サブクラスでは必要に応じてメソッドを追加する。例えば FileInput ならば open, readlines, close 等々。それほど興味を引くものはないので省略。

クラス Output

こちらも補助的な機能は無視する。

データ

component_type

一応文字列 output が定義されているが、このクラスは Component を継承しているわけではない。

default_destination_path

サブクラスでの上書き専用。出力の対象がファイルでないときに、何らかのダミー文字列を入れておく。

self.encoding

出力データのエンコーディング名。

self.destination

出力先。

self.destination_path

出力の対象がファイルであるときの、ファイルパス文字列。

メソッド

write(self, data)

サブクラスで定義。

  • NullOutput ならば何もしない。

  • FileOutput, BinaryFileOutput ならばファイル``self.destination`` に decode したデータを write する。

  • StringOutput ならば self.destination を文字列扱いして encode して返す。

encode(self, data)

データを encode して、それを返す。

クライアント

何が InputOutput のサブクラスのオブジェクトを生成するのか、それらをどう用いるのかを記す。

  • FileInput

    • parsers.rst.directives.Include.run: include_file として状況に応じて readlines() または read()

    • parsers.rst.directives.Raw.run: raw_file としてオブジェクトを生成、 read() する

    • parser.rst.directives.CSVTable.get_csv_data csv_file として生成、 read() する

    • and more

  • StringInput

    • urllib.request.urlopen(source).read() の戻り値を利用する状況。

  • DocTreeInput

    • core.publish_from_doctree にて利用。
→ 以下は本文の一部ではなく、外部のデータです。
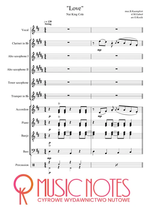 Aranżacja utworu „Love” Nat King Cole’a w wersji PDF. Nuty na zespół kameralny, retro – romantyczny nastrój i ciepłe brzmienie, doskonałe na koncerty walentynkowe i tematyczne.

document が既にあることが決定的。

  • FileOutput

    • Publisher のデフォルトの destination_class

    • publish_file 系関数のデフォルトの destination_class

    • utils.DependencyList.set_output で利用

  • StringOutput

    • core.publish_programmatically 系関数のデフォルトの destination_class

  • NullOutput も出番がある。

  • BinaryFileOutputpublish_cmdline_to_binary のデフォルトの destination_class

感想

  • ここに記さなかった補助関数 check_encoding の実装では Python 標準のモジュール codecs を利用している。

  • Output のメソッド encode では結局 str のメソッド encode を用いるが、Input のメソッド decode では str のコンストラクターを用いる。